> RECORDS FOR THE TASK
-- -- --

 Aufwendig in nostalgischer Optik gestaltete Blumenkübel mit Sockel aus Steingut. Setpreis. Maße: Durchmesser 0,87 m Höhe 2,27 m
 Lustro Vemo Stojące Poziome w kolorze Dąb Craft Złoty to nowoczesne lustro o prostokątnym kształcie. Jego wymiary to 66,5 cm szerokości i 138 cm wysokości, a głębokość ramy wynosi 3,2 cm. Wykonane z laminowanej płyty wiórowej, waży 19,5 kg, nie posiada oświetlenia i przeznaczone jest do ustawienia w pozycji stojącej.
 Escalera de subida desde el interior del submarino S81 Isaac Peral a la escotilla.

-- -- --

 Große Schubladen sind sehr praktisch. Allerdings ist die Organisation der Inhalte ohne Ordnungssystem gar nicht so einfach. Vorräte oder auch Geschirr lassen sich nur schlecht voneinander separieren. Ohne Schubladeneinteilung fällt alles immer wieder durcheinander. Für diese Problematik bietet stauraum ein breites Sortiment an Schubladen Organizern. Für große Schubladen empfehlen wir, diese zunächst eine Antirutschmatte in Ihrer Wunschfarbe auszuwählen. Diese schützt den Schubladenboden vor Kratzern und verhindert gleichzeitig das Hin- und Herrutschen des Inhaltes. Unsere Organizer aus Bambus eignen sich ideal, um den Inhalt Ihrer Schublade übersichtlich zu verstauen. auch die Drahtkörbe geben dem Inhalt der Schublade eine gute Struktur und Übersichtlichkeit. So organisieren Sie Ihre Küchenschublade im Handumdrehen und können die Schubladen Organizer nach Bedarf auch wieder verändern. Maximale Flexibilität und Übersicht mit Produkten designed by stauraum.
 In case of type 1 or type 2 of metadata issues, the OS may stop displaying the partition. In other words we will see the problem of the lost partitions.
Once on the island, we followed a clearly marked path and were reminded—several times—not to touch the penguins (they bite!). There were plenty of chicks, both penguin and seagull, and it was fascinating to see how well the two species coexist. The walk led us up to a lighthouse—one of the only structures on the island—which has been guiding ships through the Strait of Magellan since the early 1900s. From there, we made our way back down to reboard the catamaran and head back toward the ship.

-- -- --

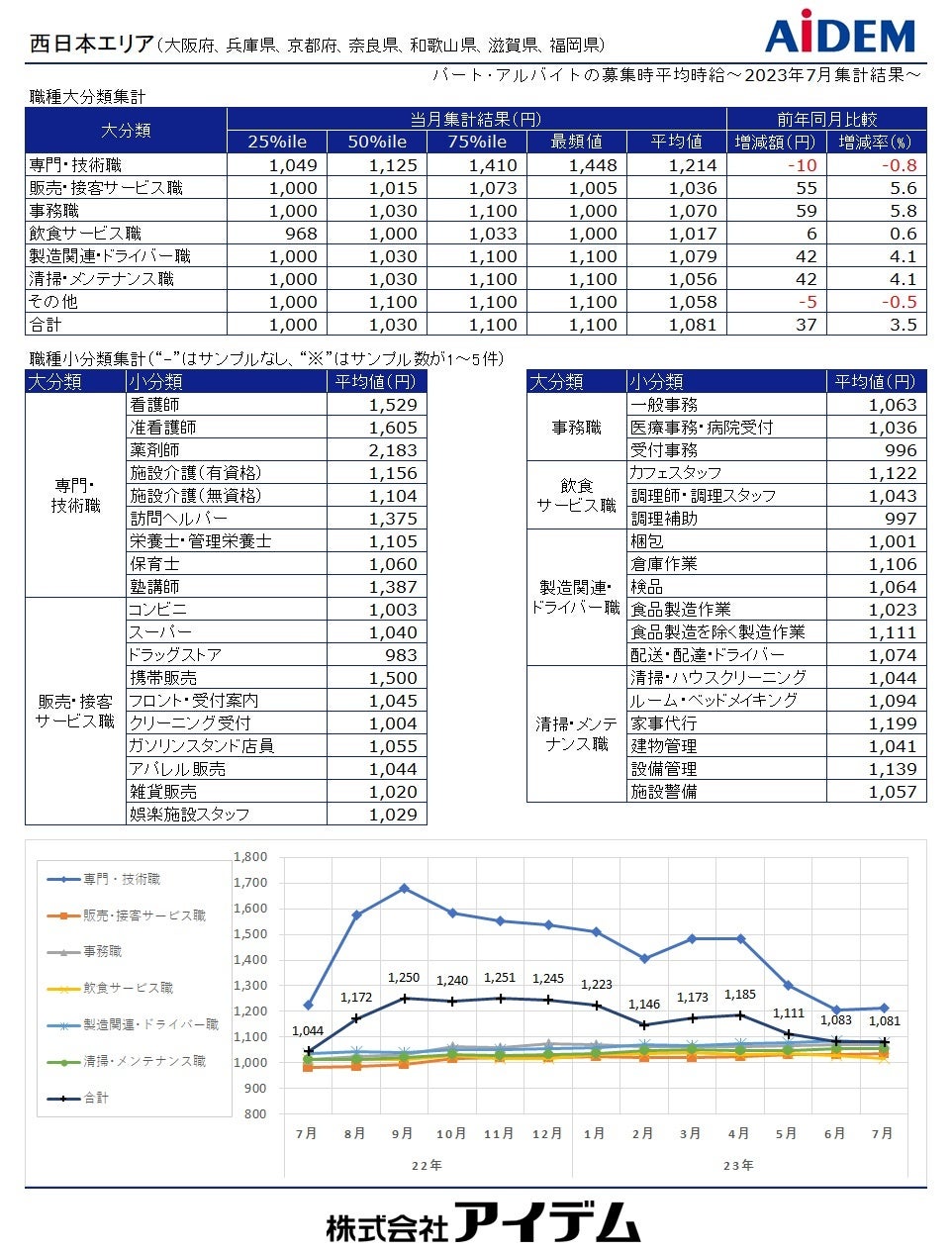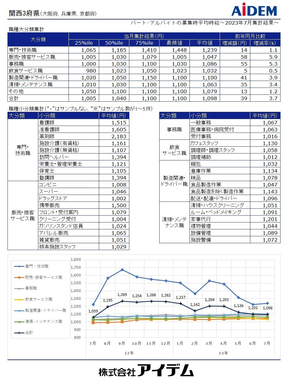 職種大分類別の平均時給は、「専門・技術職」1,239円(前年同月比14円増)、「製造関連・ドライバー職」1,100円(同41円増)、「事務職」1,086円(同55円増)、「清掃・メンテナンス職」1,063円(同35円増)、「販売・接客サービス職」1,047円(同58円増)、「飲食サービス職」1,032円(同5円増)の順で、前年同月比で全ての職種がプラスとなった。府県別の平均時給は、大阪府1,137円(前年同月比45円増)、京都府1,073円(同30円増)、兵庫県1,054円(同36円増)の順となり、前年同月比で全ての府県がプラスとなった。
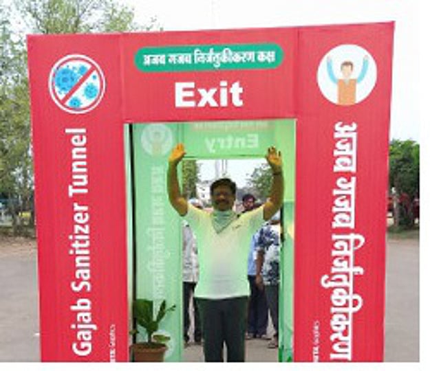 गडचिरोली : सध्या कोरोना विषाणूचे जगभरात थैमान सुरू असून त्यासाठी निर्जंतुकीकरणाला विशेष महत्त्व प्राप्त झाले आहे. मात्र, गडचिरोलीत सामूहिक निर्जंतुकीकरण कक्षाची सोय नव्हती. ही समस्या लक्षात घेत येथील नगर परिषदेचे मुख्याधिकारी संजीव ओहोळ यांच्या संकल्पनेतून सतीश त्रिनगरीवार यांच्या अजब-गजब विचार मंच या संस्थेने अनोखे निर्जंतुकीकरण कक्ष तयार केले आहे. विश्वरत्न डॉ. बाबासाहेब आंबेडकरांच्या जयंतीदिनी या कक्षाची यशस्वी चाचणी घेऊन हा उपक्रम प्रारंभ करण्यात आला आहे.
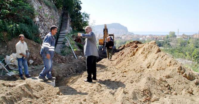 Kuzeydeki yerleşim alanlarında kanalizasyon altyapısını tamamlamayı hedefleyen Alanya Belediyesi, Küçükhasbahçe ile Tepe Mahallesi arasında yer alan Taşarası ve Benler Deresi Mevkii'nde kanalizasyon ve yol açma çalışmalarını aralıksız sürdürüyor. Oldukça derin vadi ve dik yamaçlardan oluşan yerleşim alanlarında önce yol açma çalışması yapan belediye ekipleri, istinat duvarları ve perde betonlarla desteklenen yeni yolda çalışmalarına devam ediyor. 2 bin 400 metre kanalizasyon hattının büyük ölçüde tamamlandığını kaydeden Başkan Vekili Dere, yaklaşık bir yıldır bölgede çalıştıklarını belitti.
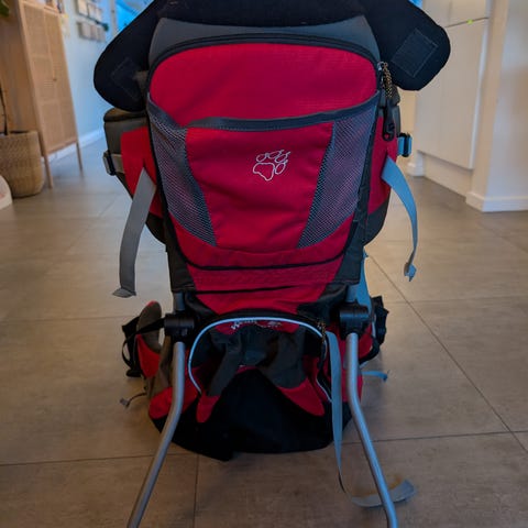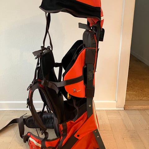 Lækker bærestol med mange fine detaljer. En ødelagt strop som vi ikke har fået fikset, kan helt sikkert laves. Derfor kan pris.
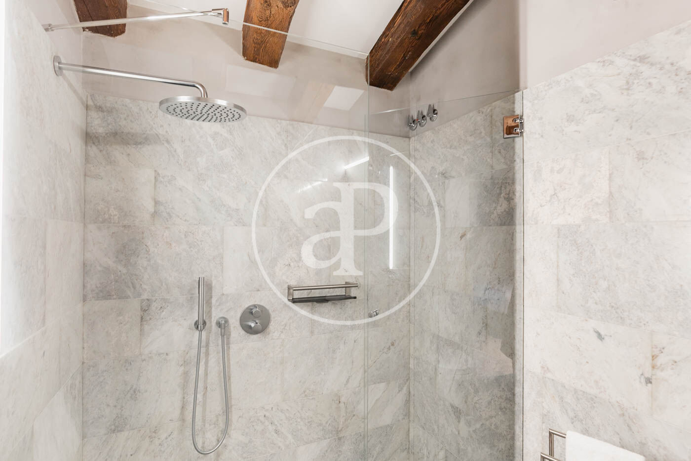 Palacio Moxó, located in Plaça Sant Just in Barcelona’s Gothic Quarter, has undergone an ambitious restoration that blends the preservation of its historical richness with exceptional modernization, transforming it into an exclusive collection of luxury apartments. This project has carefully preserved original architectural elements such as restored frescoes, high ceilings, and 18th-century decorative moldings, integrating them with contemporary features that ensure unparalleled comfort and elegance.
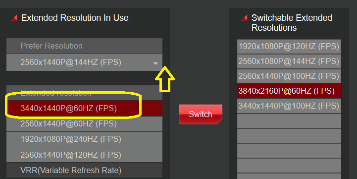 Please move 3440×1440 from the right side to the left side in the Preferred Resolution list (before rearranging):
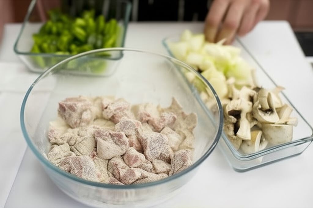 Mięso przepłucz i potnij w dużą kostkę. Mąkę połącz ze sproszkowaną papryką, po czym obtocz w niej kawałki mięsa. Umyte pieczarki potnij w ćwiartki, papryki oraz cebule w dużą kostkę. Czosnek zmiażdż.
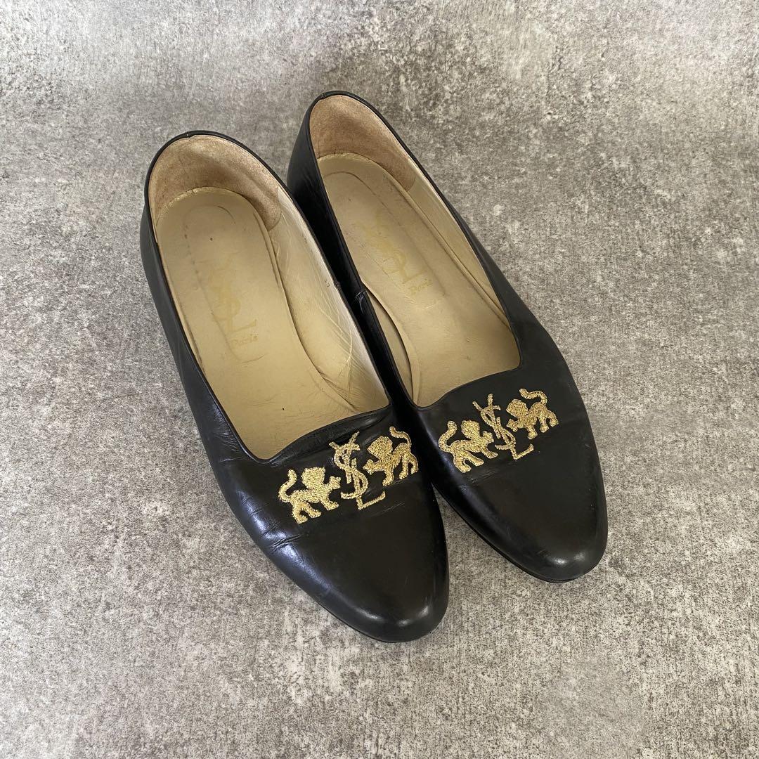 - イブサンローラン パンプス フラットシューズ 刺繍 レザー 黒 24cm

-- -- --

> WHAT TO WORK ON
From the line that has "Lustro Vemo Stojące" through the line that has "Escalera de subida", copy every line exactly as it appears above, and leave out all others.

> COMPLETED TASK
 Lustro Vemo Stojące Poziome w kolorze Dąb Craft Złoty to nowoczesne lustro o prostokątnym kształcie. Jego wymiary to 66,5 cm szerokości i 138 cm wysokości, a głębokość ramy wynosi 3,2 cm. Wykonane z laminowanej płyty wiórowej, waży 19,5 kg, nie posiada oświetlenia i przeznaczone jest do ustawienia w pozycji stojącej.
 Escalera de subida desde el interior del submarino S81 Isaac Peral a la escotilla.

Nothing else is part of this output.